**Problem to solve:**
Look below for the line with "14日(水)、クレヨンで色を塗って…" and the line with "ワイドパンツ 接触冷感 デニム"; repeat exactly those two lines and all lines between them, but no pictures.

----- Data for analysis

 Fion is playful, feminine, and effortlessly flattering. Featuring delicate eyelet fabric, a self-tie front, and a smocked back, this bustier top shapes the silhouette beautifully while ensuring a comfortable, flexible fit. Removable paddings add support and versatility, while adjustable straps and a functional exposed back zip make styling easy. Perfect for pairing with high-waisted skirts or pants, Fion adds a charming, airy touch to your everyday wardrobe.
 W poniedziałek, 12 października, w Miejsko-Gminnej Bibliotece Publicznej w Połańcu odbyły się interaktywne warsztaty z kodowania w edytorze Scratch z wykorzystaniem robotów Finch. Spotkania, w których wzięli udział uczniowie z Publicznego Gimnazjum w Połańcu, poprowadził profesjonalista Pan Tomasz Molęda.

----------
----- Data for analysis

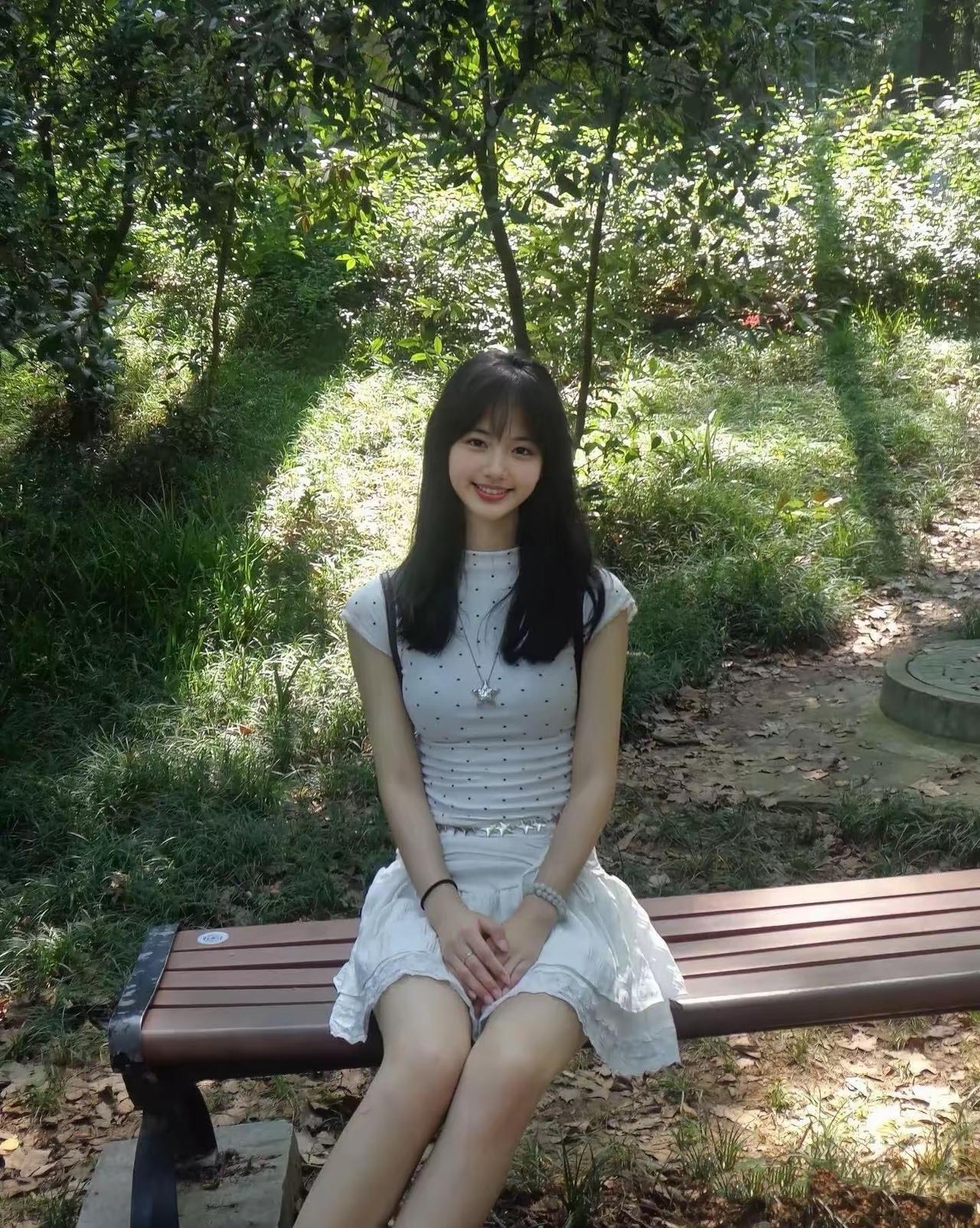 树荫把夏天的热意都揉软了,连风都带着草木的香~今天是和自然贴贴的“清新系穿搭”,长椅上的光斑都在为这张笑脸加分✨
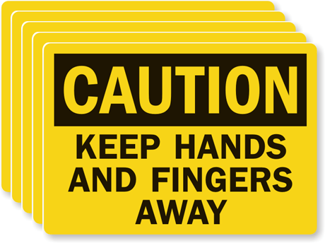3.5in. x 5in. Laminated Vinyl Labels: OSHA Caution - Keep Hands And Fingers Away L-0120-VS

----------
----- Data for analysis

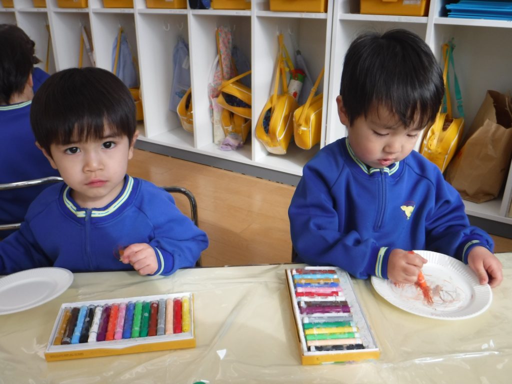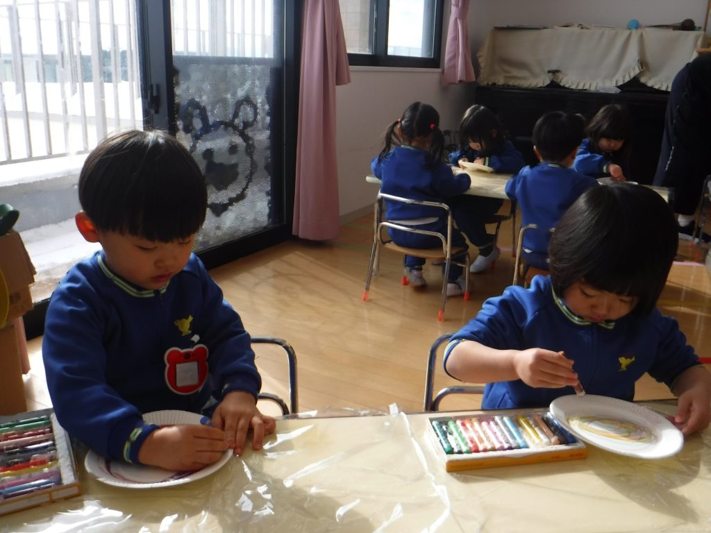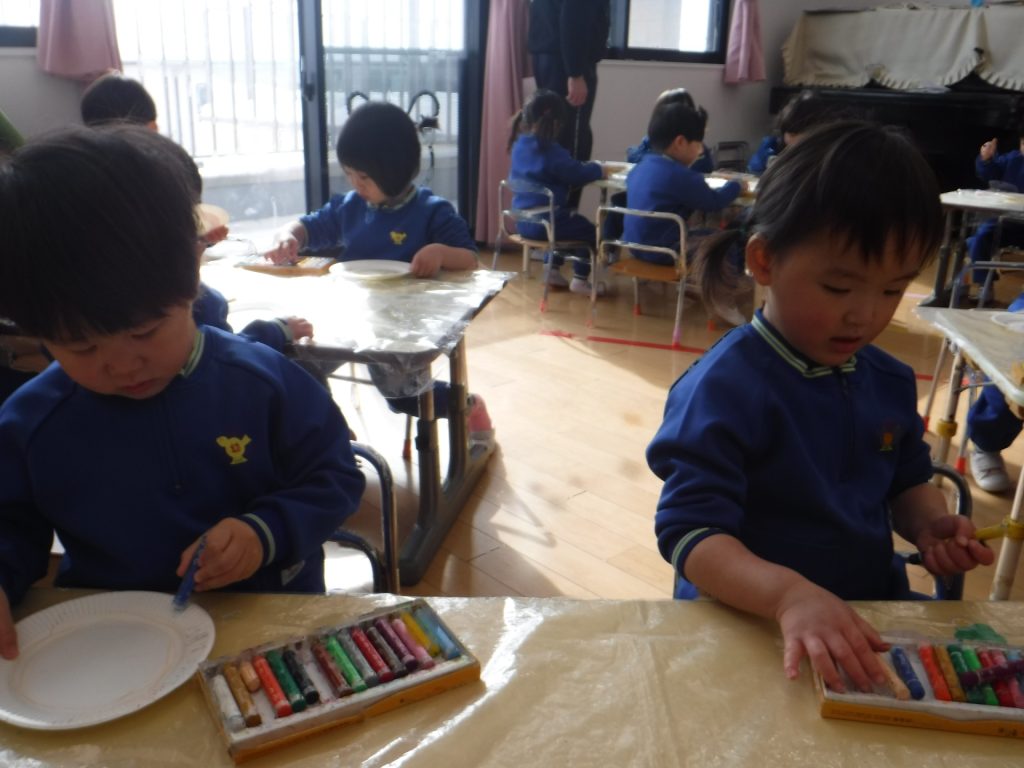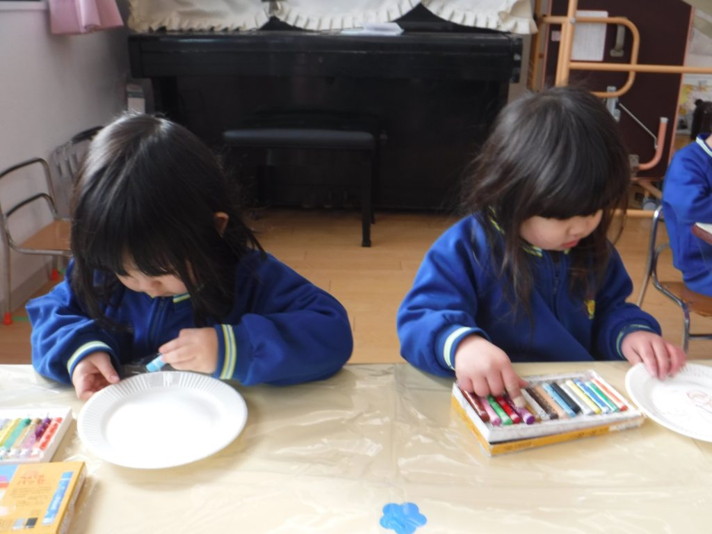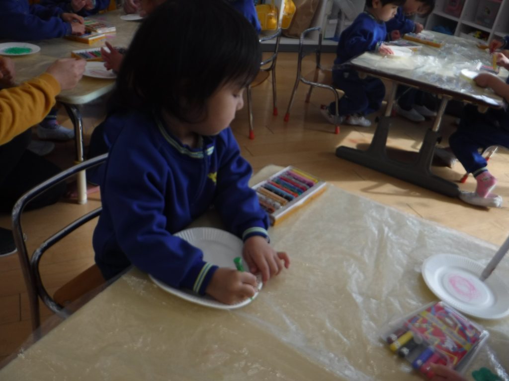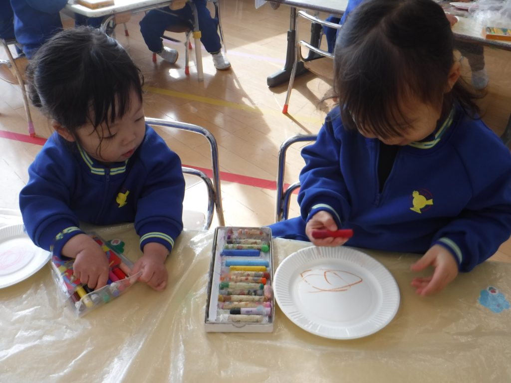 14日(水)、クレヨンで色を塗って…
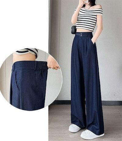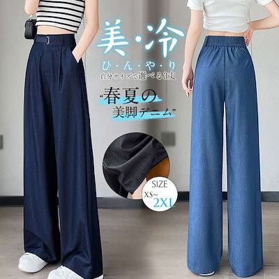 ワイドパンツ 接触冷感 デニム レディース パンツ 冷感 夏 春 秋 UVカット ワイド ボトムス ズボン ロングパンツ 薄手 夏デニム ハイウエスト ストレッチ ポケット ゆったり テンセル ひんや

----------

**Solution below:**
 14日(水)、クレヨンで色を塗って…
 ワイドパンツ 接触冷感 デニム レディース パンツ 冷感 夏 春 秋 UVカット ワイド ボトムス ズボン ロングパンツ 薄手 夏デニム ハイウエスト ストレッチ ポケット ゆったり テンセル ひんや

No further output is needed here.